Under § 9-705 of Revised Article 9, an effective financing statement filed before July 1, 2001 continues to be effective until it lapses or until June 30, 2006, whichever occurs first. Thus, a "seriously misleading" filing (effective before July 1, 2001) remains effective until the earlier of June 30, 2006 or the date that it lapses by its terms. However, current search logic, which uses the stricter standard, will not find such "seriously misleading" but nonetheless effective filings. This poses a problem with respect to filings under former Article 9 and tax liens that remain effective under the former Article 9 standard, which are not yet subject to the Revised Article 9 standard, and it remains necessary to search for such seriously misleading filings. In addition, some courts are not applying the former Article 9 standard to financing statements entered into and effective before July 1, 2001, i.e., they are incorrectly applying the harsher Revised Article 9 standard. See, e.g ., In re Grabowski, 277 B.R. 388, 391 (Bankr. S.D. Ill. 2002) (dealing with incorrect legal description and finding that "exceedingly general" standard under Revised Article 9 was sufficient); Nazar v. Bucklin Nat'l Bank (In re Erwin); 2003 Bankr. LEXIS 692 (Bankr. D. Kansas, June 27, 2003), at *22 (holding that use of debtor's nickname was sufficient under Revised Article 9, but not mentioning standard under former Article 9).

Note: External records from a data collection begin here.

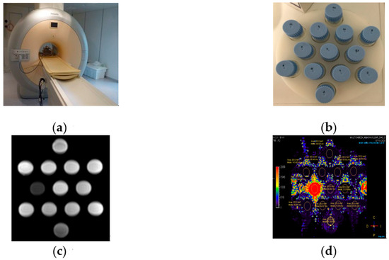 (a) MR imaging scanner (Philips Achieva 3T); (b) Samples of 1 prepared in physiological serum with concentrations covering the range of 0.0–3.2 mM; (c) MR images of the tube phantoms of 1; (d) T2 parametric map analysis.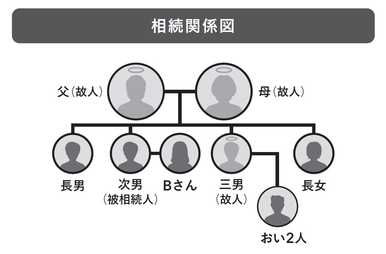 亡夫は兄と弟、それに妹の4人兄弟。義弟は既に他界しているが子供が2人いる。義兄の説明によればBさん以外の相続人は4人。その法定相続割合は遺産総額6000万円の4分の1、約1500万円になるという。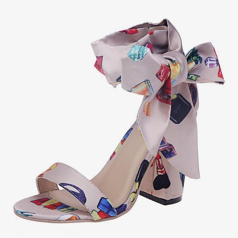 Dame Åpnet Tå Snøre Sko Med Tykke Hæler

Reporter’s Comment 3: Under former Article 9, human judgment was relevant because the courts determined whether an error was seriously misleading by asking whether a hypothetical "reasonably diligent searcher" could discover the erroneous filing. See, e.g., Knudson v. Dakota Bank and Trust Co. (In re Knudson), 929 F.2d 1280, 1283 (8th Cir. 1991) (holding that under former Article 9, financing statement was not seriously misleading if third-party searcher searching under debtor's correct name would be "reasonably likely" to find financing statement); Pearson v. Salina Coffee House, Inc., 831 F.2d 1531, 1531, 1534-36 (10th Cir. 1987) (employing "seriously misleading" and "reasonably prudent creditor" standards); Citizens Nat'l Bank & Trust Co. v. Star Automotive Warehouse, Inc. (In re Thriftway Auto Supply, Inc.), 39 F.3d 1193 (10th Cir. 1994), 1994 U.S. App. LEXIS 31831, at *7 (finding that under Kansas codification of UCC, use of a trade name substantially similar to legal name w as not seriously misleading). While the old manual search systems could tolerate certain variations in names, the computerized search logic now available and used by the state filing offices results in a precise standard that has little (if any) tolerance for variations. The focus is now solely on the degree of tolerance built into the computerized search logic utilized by the applicable filing office. The search logic could be very liberal, very strict, or somewhere in between. In 2001, the International Association of Corporate Administrators promulgated Model Administrative Rules ("MARS"), which created a standard rules for search logic that tend toward the "strict" end of the spectrum. The majority of states have now adopted some version of MARS, although many states have modified the rules in some respect (which has resulted in a great deal of inconsistency; furthermore, some states have not adopted any rule on search logic at all). In general, when a debtor's name has been modified by the applicable search logic, the search will produce a financing statement only if the names "exactly match." If there is no match, the security interest will (as demonstrated by the In re Kinderknecht case) be "seriously misleading," and therefore unperfected and susceptible to a "strong-arm" attack by a bankruptcy trustee or debtor-in-possession (see bankruptcy discussion below).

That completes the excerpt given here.